◆ EXERCISE INPUTS:
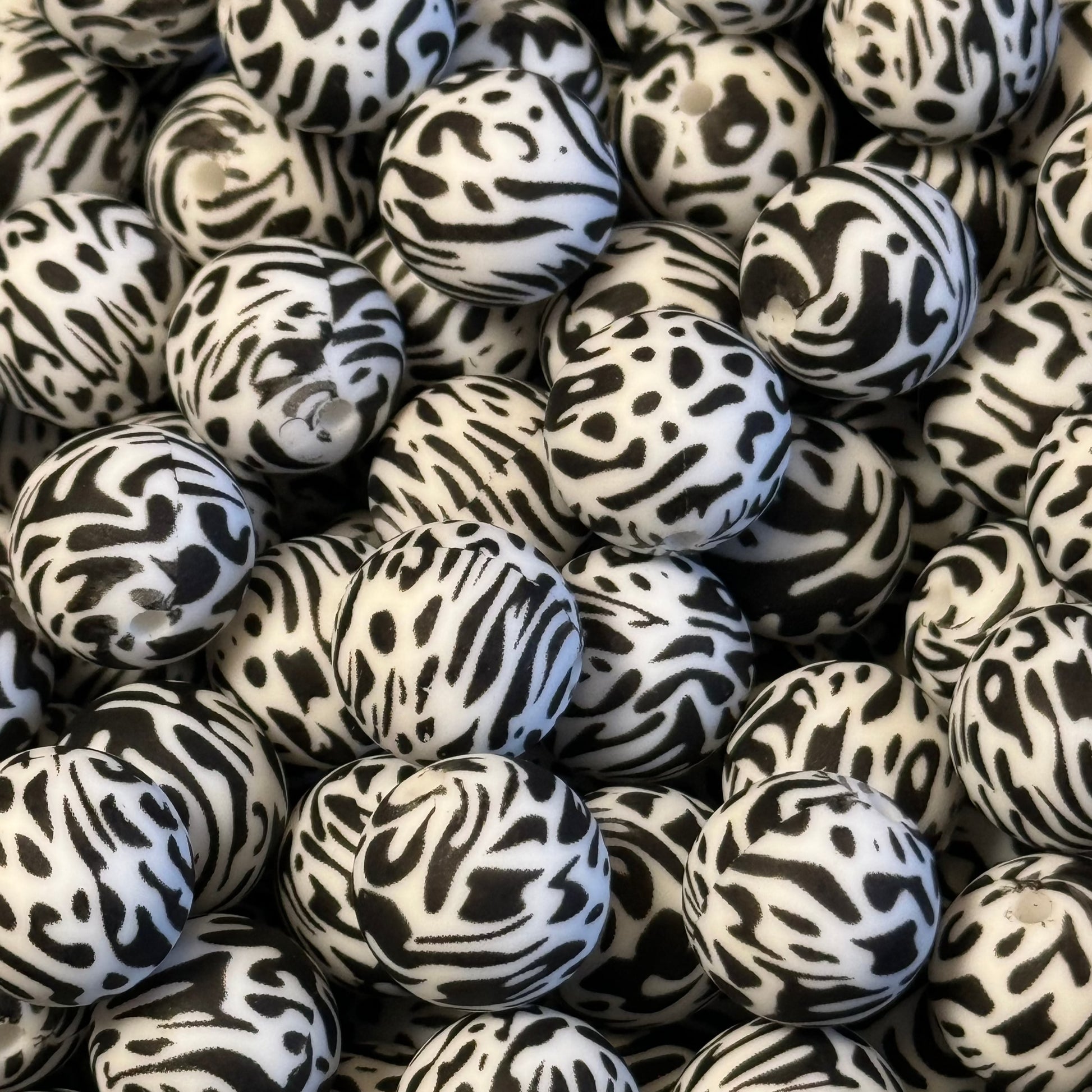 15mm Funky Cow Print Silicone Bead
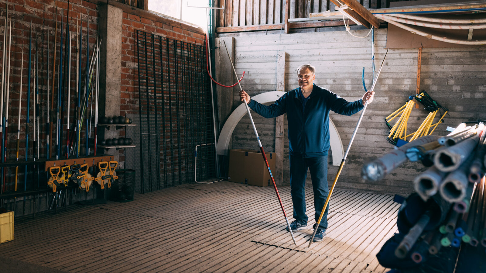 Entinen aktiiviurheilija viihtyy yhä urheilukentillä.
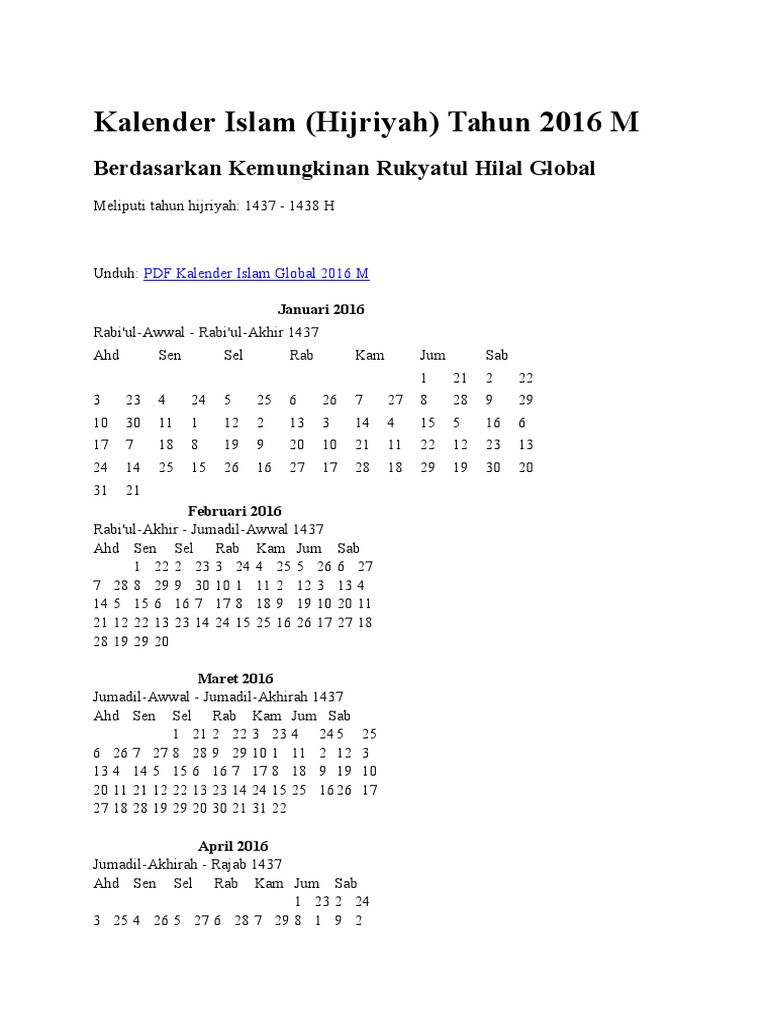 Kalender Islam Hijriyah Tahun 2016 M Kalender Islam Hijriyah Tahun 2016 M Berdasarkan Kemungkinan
--
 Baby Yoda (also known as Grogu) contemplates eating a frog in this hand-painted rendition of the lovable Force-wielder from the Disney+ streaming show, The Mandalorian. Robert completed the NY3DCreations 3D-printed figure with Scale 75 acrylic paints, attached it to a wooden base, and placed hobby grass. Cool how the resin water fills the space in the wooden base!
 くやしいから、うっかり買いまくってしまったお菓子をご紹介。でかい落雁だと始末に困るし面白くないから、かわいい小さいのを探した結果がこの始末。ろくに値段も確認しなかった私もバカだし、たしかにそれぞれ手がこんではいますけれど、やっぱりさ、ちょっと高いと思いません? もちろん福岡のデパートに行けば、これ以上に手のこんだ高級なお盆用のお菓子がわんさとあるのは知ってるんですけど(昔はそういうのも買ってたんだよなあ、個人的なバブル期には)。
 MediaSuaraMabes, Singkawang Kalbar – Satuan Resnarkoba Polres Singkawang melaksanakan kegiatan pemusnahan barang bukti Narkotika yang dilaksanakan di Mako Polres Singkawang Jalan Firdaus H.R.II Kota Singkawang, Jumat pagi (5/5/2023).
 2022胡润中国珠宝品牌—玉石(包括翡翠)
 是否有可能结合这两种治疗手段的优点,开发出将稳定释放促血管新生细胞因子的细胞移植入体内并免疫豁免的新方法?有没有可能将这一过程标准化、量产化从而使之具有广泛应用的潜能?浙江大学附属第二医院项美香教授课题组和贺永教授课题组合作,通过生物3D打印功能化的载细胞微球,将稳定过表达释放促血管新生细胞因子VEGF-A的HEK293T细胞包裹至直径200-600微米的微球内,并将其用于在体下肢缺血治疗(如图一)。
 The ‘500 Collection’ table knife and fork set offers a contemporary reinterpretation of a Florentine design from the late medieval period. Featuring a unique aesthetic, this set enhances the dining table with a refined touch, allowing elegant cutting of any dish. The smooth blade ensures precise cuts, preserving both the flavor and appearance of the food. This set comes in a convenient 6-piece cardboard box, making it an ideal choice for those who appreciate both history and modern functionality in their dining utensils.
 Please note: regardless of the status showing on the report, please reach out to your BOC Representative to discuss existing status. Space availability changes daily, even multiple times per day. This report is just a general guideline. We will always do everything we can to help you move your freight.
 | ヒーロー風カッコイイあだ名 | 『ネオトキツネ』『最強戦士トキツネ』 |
==
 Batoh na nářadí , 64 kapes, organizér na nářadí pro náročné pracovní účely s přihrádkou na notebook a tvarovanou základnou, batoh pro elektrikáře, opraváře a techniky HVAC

◆ WORK ITEM: Look back at the entries above and repeat, unchanged, every line from the line holding "Baby Yoda (also" through the line holding "くやしいから、うっかり買いま".

◆ RESULT FOR THIS TASK:
 Baby Yoda (also known as Grogu) contemplates eating a frog in this hand-painted rendition of the lovable Force-wielder from the Disney+ streaming show, The Mandalorian. Robert completed the NY3DCreations 3D-printed figure with Scale 75 acrylic paints, attached it to a wooden base, and placed hobby grass. Cool how the resin water fills the space in the wooden base!
 くやしいから、うっかり買いまくってしまったお菓子をご紹介。でかい落雁だと始末に困るし面白くないから、かわいい小さいのを探した結果がこの始末。ろくに値段も確認しなかった私もバカだし、たしかにそれぞれ手がこんではいますけれど、やっぱりさ、ちょっと高いと思いません? もちろん福岡のデパートに行けば、これ以上に手のこんだ高級なお盆用のお菓子がわんさとあるのは知ってるんですけど(昔はそういうのも買ってたんだよなあ、個人的なバブル期には)。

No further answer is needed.